── Given records

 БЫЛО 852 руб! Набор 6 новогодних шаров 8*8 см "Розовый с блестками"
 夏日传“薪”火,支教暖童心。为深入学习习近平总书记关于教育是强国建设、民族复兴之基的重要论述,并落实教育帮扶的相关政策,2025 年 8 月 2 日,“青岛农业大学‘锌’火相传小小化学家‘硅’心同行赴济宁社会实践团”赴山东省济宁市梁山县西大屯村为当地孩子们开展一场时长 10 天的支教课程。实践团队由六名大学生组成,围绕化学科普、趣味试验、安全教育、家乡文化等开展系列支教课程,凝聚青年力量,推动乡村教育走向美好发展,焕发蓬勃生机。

────
── Given records

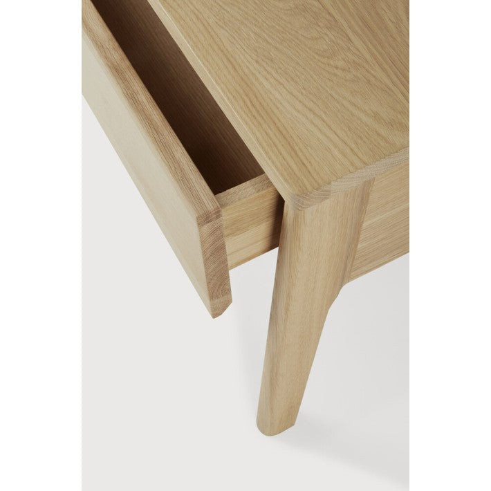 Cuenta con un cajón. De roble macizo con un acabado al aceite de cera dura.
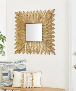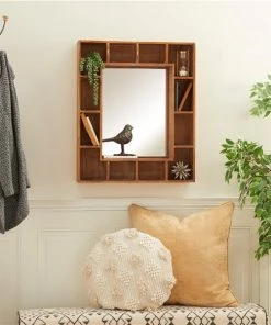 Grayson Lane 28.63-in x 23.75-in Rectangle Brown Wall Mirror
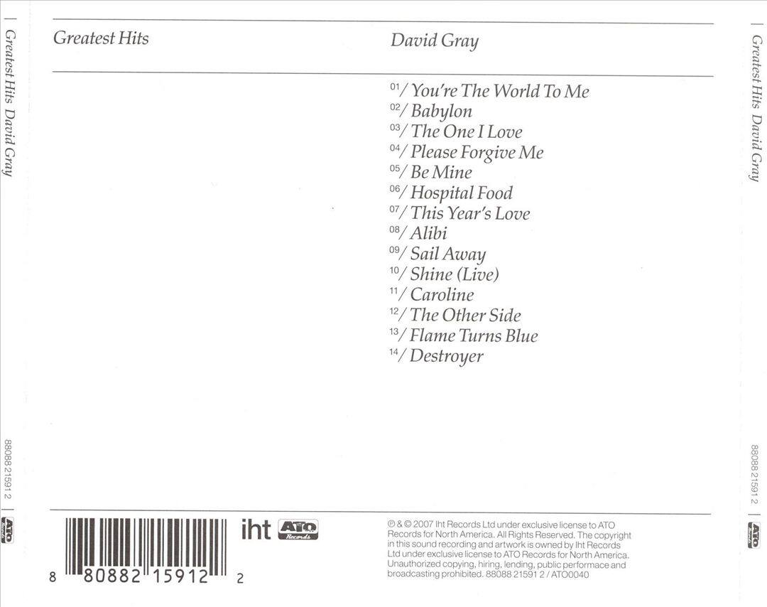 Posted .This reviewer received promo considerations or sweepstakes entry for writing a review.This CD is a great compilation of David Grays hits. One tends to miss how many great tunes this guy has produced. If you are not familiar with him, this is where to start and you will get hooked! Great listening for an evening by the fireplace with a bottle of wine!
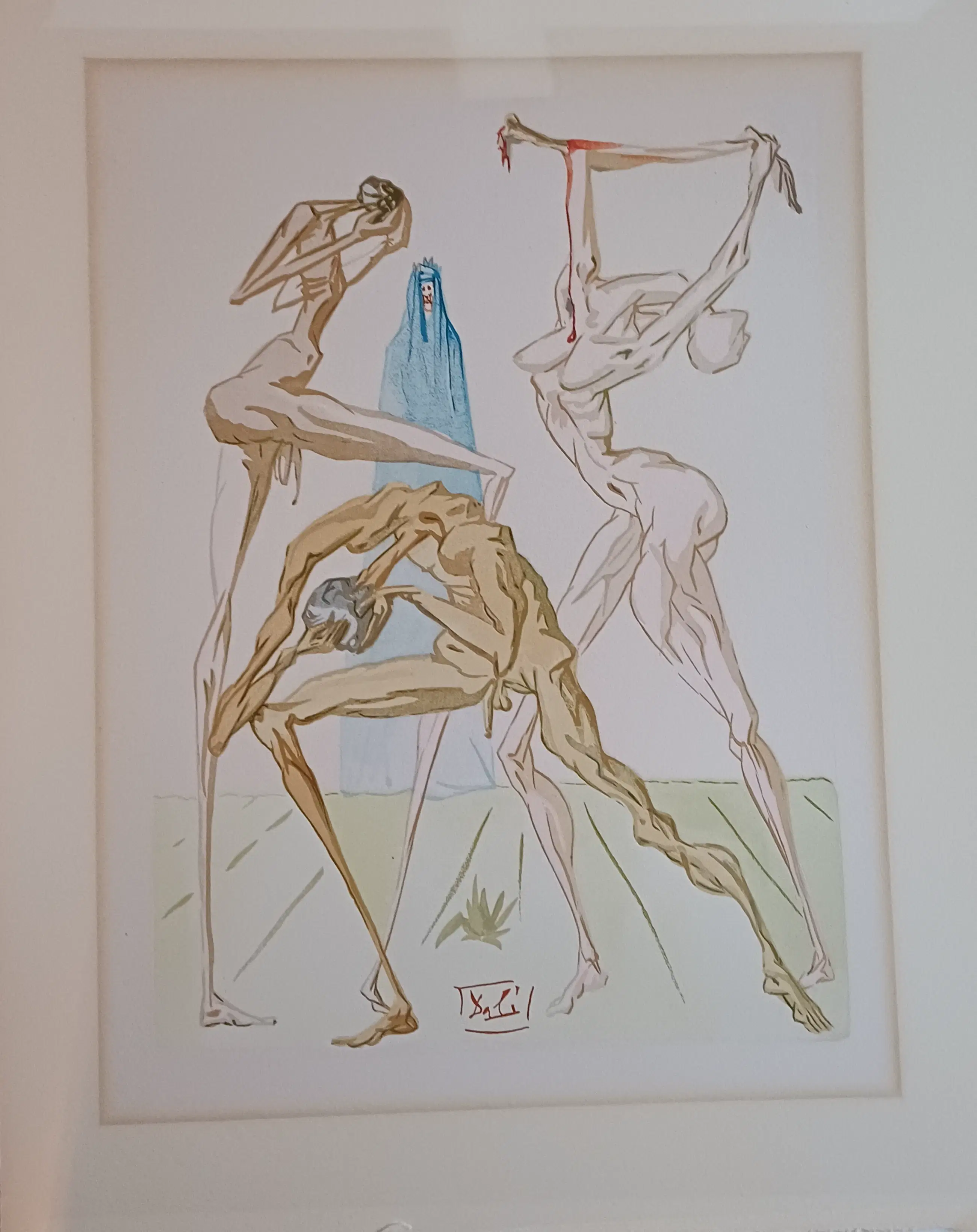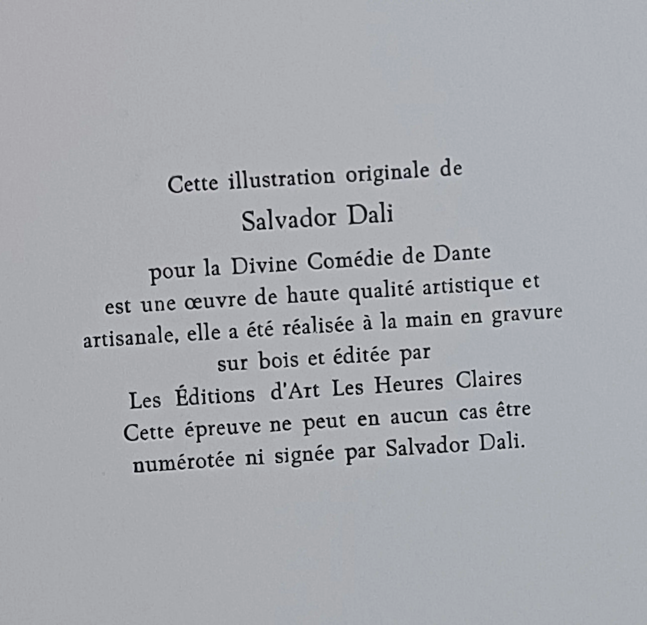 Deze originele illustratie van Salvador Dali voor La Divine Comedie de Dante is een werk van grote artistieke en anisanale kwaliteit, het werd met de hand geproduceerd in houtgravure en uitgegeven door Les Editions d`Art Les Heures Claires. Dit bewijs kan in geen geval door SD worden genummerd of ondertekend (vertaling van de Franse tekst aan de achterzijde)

────

## Problem details
Look above for the line with "Grayson Lane 28.63-in", then print it and each line after it down to and including the line with "Deze originele illustratie". Leave out the pictures and keep the wording exact.

## Written solution
 Grayson Lane 28.63-in x 23.75-in Rectangle Brown Wall Mirror
 Posted .This reviewer received promo considerations or sweepstakes entry for writing a review.This CD is a great compilation of David Grays hits. One tends to miss how many great tunes this guy has produced. If you are not familiar with him, this is where to start and you will get hooked! Great listening for an evening by the fireplace with a bottle of wine!
 Deze originele illustratie van Salvador Dali voor La Divine Comedie de Dante is een werk van grote artistieke en anisanale kwaliteit, het werd met de hand geproduceerd in houtgravure en uitgegeven door Les Editions d`Art Les Heures Claires. Dit bewijs kan in geen geval door SD worden genummerd of ondertekend (vertaling van de Franse tekst aan de achterzijde)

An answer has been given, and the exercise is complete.